Ich schicke der Apothekerin eine E-Mail: „Danke, dass bei Ihnen im Team alle so freundlich sind.“ Das sei leider nicht mehr selbstverständlich, füge ich hinzu und später bereue ich das nicht nur, sobald ich auf „send“ klicke, sondern komme mir auf einmal wegen dieses Kommentars vor wie eine ältere Dame, die immer „Früher war alles besser“ meint, egal was ihre Wörter sind. Ich hoffe, dass sie mich doch nicht bei meinem nächsten Apothekenbesuch wiedererkennt.

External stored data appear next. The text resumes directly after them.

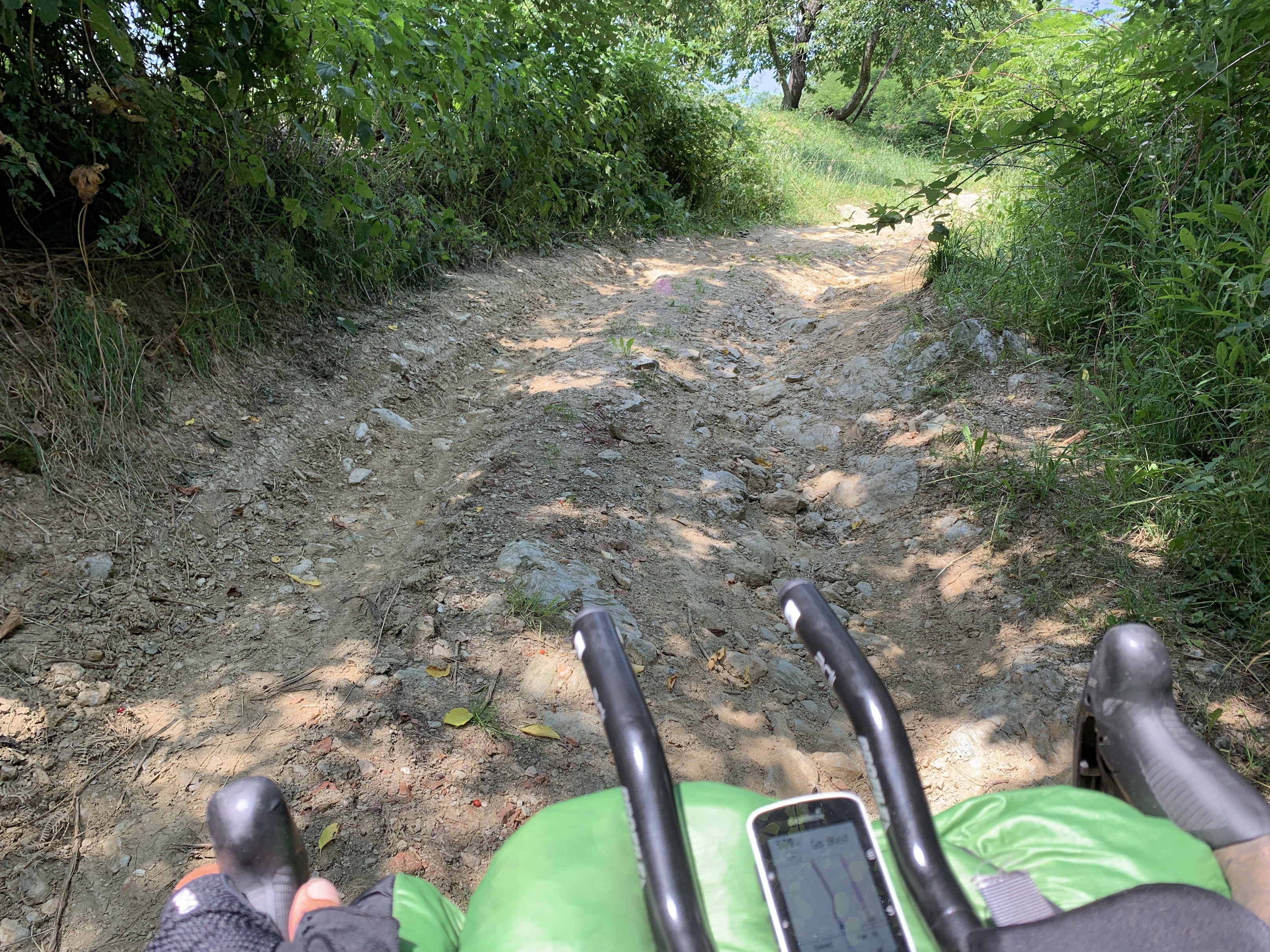 It would normally be a lot of fun, but I was running low on brake-pads and already on my spares (forgot to grab Shimano pads in Novi Sad). I had the choice of ride gentle to keep the bike mostly intact but maybe screw up the braking surface, or just fucking go for it and maybe smash the rims anyway...
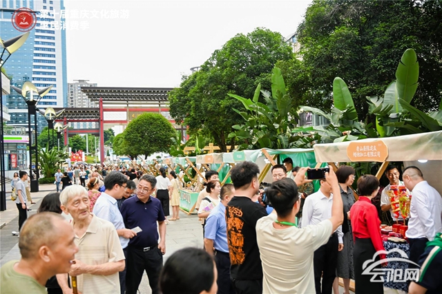 啟動(dòng)儀式現(xiàn)場,氣氛熱烈非凡。武隆《印象武隆》選段《川江號(hào)子》、酉陽《木葉情歌》等豐富多元的節(jié)目為觀眾帶來了一場視聽盛宴。現(xiàn)場還設(shè)置了消費(fèi)展區(qū),供市民游客沉浸式體驗(yàn)“逛、購、品、娛”的樂趣。
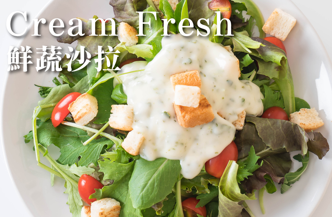 將 Crème Fraîche 均勻撒在新鮮蔬菜沙拉上,提升沙拉的香滑口感
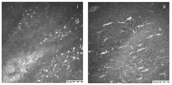 IVCM in a patient with post-herpetic NK shows no sub-basal nerve fibers at baseline (i). After 8 weeks of the treatment with rh-NGF, the presence of nerves can be detected (ii).
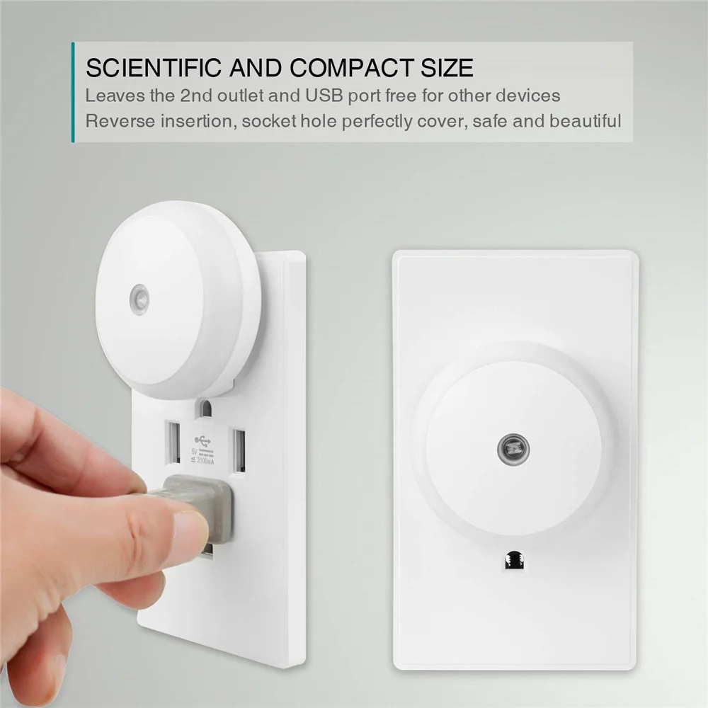 Compact size, small night light plug into wall outlet and leaves space for the other socket perfectly. Portable for home use or traveling to unfamiliar places.

Ich tauche jede Woche bei ihr auf, um mich testen zu lassen – Coronabürgertest. Ein paarmal war ich beim Testzentrum in der Leinestraße und das war auch in Ordnung. Wenig Leute, Fußmarkierungen auf dem Boden, die an Flughäfen erinnern. Einmal habe ich es am Hermannplatz versucht, doch da waren so viele Menschen, nicht nur an der Schlange, sondern überhaupt in der Gegend, dass ich wieder schnell erschreckt nach Hause gefahren bin. In „meiner“ Apotheke am Schiller-Kiez scheint mir immer die Sonne zu scheinen. Die Stimmung ist locker und gutgelaunt und das hilft mir, denn ich bin weiterhin vor und nach dem Test so aufgeregt, als würde ich eine wichtige Prüfung bestehen müssen.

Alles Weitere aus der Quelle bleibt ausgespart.